Demand growth also faces headwinds. Mitrova pointed, in particular, to China. It has cut LNG imports by some 9.5 million mt, or 17% year over year, over the first nine months of 2025.
"There will be some additional spare LNG capacity to serve Europe," Mitrova said. "I don't see this deficit gap."
Paweł Czyzak, interim Europe program director at the energy think tank Ember, agreed.
"Removing Russian LNG from the mix [in the EU] is unlikely to have an impact on prices, and certainly won't have any impact on security of supply," he said.
Still, even as the global LNG market heads to a period of ample production by the end of the decade, upside risk remains in the coming years as those new facilities come online. Project delays, geopolitical conflagrations, or a demand bump spurred by a particularly cold winter at a time when EU gas storage levels sit some 12 percentage points lower than last year remain concerns, according to the market source with a major producer.
"My sense is that 2026 and 2027 might still be volatile," the source said.
The EU's sanctions are on track to hold the global market in a tighter balance than it otherwise would have been, the market source explained. "It's another element of volatility in the market."

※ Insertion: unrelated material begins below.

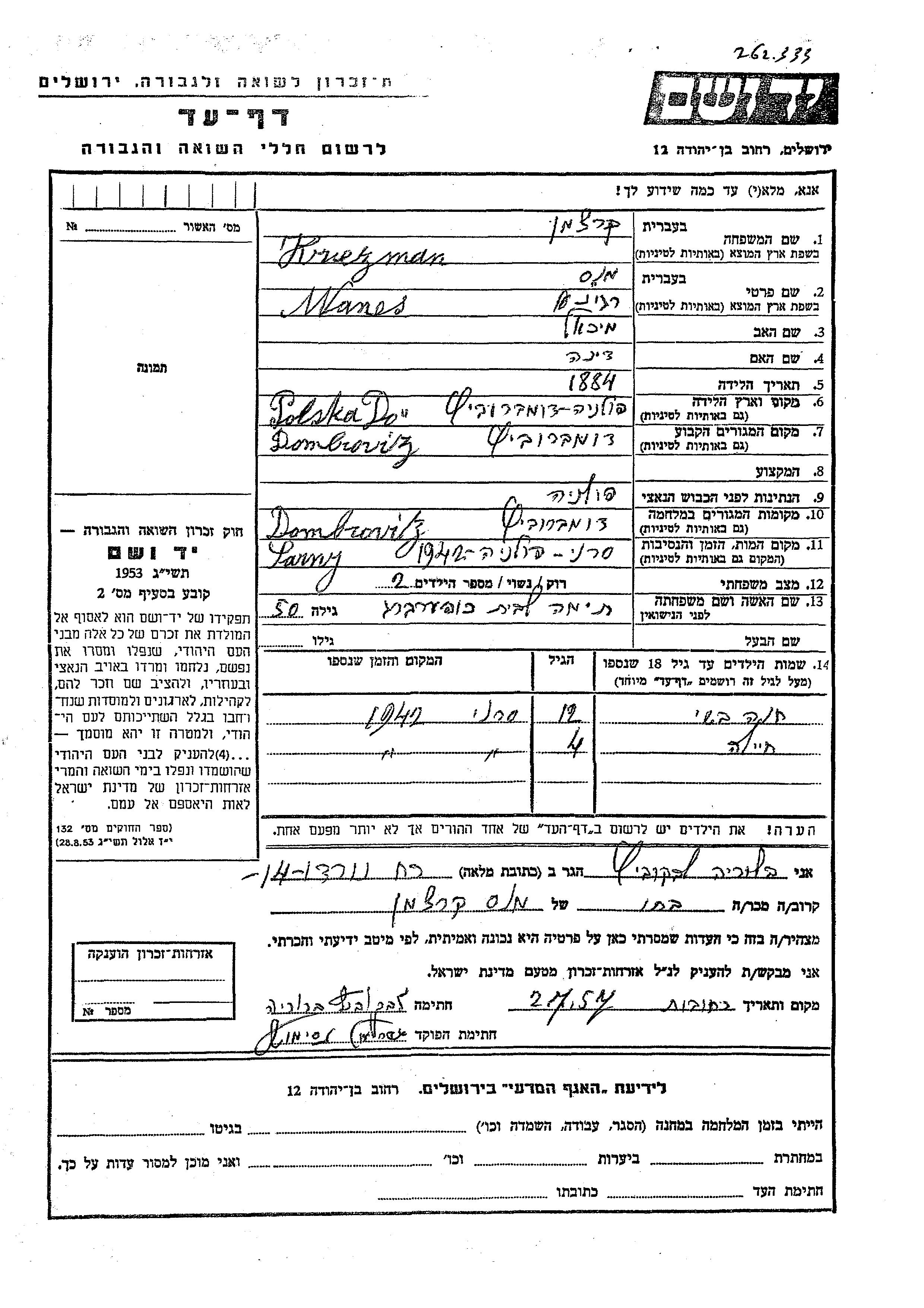 Яд Вашем - Листы свидетельских показаний Мемориального фонда

The EU's push to ban Russian LNG comes as European prices remained subdued. Platts, part of Commodity Insights, last assessed the DES Northwest Europe LNG marker at $10.126/MMBtu Oct. 30, down 2.93% day over day.
Even as market participants try to anticipate the impact of the new sanctions, the full scope of the measures remains unclear to some of the players central to the EU's trade in Russian LNG.
TotalEnergies CEO Patrick Pouyanne said Oct. 30 that the company is seeking clarification around the restrictions as it assesses whether it will be able to declare force majeure on its contracted cargoes from Yamal or divert them.
"Our lawyers are working on it," Pouyanne said during the company's third-quarter earnings call. "It's a fresh regulation, so I don't have full clarity."
The French oil and gas company holds a 20% stake in Yamal LNG and is contracted to offtake 4 million mt/year from the 17.4 million mt/year project, according to data from Commodity Insights analysts.
"If there is no further ban [beyond prohibiting the import of Russian LNG into Europe], I cannot use the force majeure to cancel the contract," Pouyanne said. "If I don't have force majeure, I am committed to offtake some cargoes."
Other Yamal offtakers include China's CNPC (3 million mt/ year), Spain's Naturgy (2.5 million mt/ year), and Russia's Novatek (2.4 million mt/ year), according to the Commodity Insights analysis. Novatek also operates the project and holds a majority stake of 50.1%.